Помню желтоватые стеклянные глаза. Среди макета лугового пейзажа стояли чучела лисиц и барсуков. Животные были навечно осуждены застыть в одинаково напряженной позе, независимо от того, бежали они, прыгали или просто сидели. Все вставные глаза были одного и того же размера и цвета, в каждом — янтарный зрачок. Выпуклые стекляшки круглились из-под век. Куда бы я ни шел, их взгляды преследовали меня, наблюдали за мной. Эти пустые, безжизненные глаза заставляли меня смотреть на них.
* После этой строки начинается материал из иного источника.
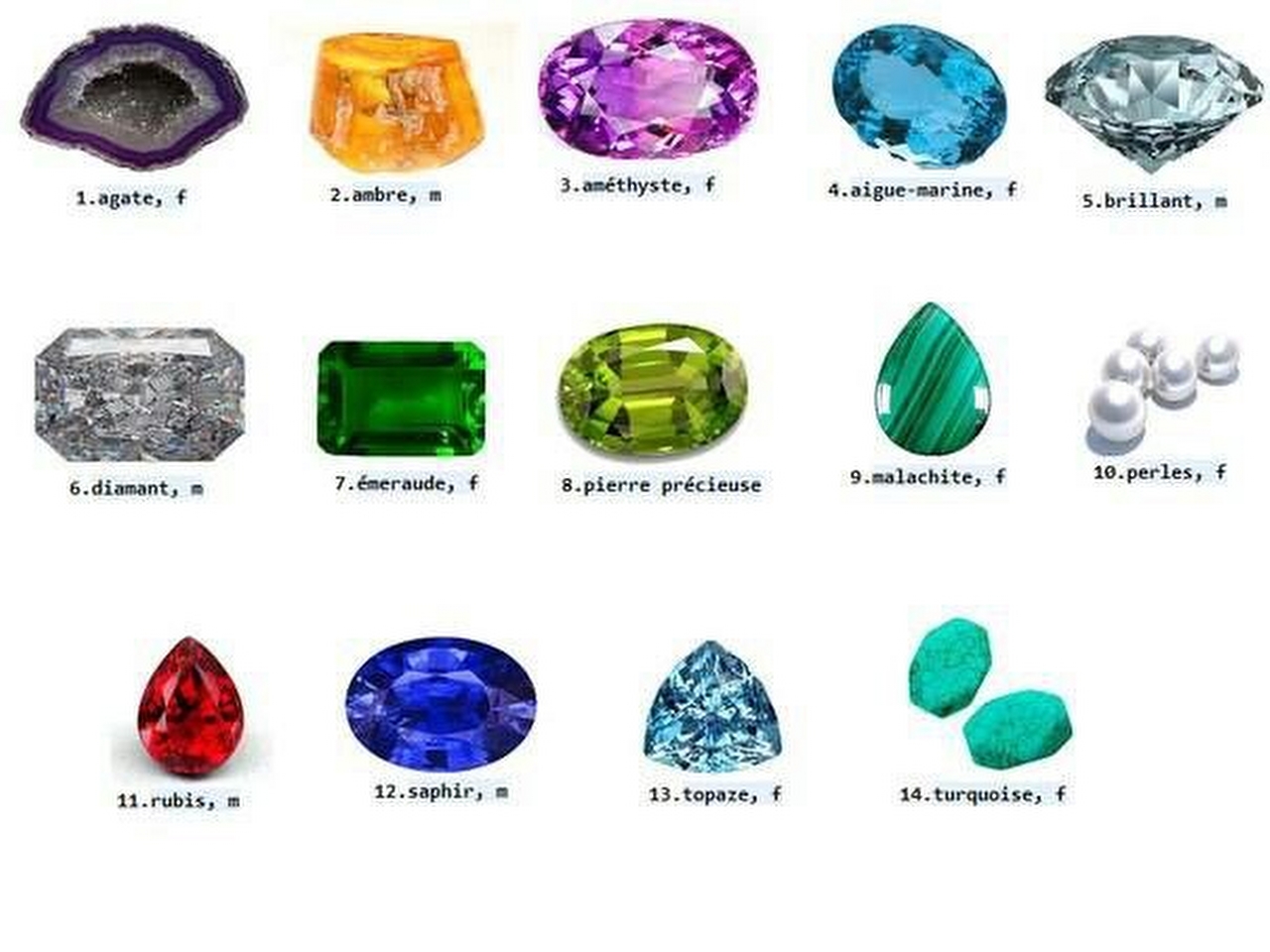 Güzel yemyeşil rengi ile zümrüt ve rengi gökyüzünü andıran gökzümrüt beril mineralinin iki ayrı çeşididir. Zümrüte rengini veren krom oksittir. Opal, yeşim, spinel, krizoberil, topaz ve mor yakut (ametist) öteki değerli taşlar arasındadır. Bu taşlarda renklerin çeşitliliği olağanüstüdür. Yeşim genellikle yeşil olarak bilinir ama beyaz, kahverengi, san, gri ve leylak rengi de olabilir. Bu ıenk çeşitliliği birçok başka değerli taşta da vardır. Kimi taşlar ısıtıldığında renk değiştirir; bu yöntemle sarı topaz tatlı bir pembeye dönüşür.

А когда я отворачивался и хотел выйти из зала, они буравили мою спину, и я быстро поворачивал к ним голову, чтобы не терять бдительности перед исходящей от них таинственной угрозой. С того дня стеклянные глаза стали для меня самым зловещим атрибутом смерти. Они были страшнее школьного муляжа — скелета, который скорее смешил, чем пугал своим нечеловечьим видом. Изображения смерти в отцовских альбомах с картинами художников тоже были не такими страшными, а пожалуй, даже забавными. Скалящиеся скелеты плясали с пухлыми девицами, мертвенные призраки неслись на лихих упряжках, будто заправские жокеи, уродливые старцы брели, обвешанные целым арсеналом загадочного оружия.
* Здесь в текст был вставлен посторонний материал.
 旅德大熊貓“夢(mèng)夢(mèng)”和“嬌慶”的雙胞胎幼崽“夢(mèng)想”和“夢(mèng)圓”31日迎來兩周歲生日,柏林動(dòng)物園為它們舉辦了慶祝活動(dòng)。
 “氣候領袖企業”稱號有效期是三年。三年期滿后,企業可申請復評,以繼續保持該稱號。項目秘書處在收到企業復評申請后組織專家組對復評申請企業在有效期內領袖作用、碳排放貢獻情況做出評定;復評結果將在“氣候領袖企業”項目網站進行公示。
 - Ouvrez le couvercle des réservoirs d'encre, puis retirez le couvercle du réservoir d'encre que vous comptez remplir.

Даже первый увиденный мною покойник испугал меня не так сильно. Он лежал в открытом гробу, и я осмелился заглянуть прямо в его лицо; это был все еще знакомый мне человек, с которым я когда-то разговаривал. Только теперь он лежал неподвижно, с черной шалью вокруг изуродованного горла, и казался меньше ростом, чем при жизни. Лишь запрет прикасаться к покойнику вселил в меня робость и одновременно догадку, что потеряно что-то невосполнимое, и вот теперь я стою перед чужим человеком, который уже навсегда останется непостижимым. Тем не менее покойник не отталкивал меня. Вслед за отцом я подошел к нему без всякой боязни и спокойно взглянул.
Лицо у него оказалось опухшим и пятнистым, оно выглядело иначе, чем когда он был живым, но не казалось замкнутым. А вот блестящие глаза звериных чучел, которые должны были имитировать жизнь, при всей искусности подделки глядели на меня бездушно, мертво, от них веяло смертельной угрозой.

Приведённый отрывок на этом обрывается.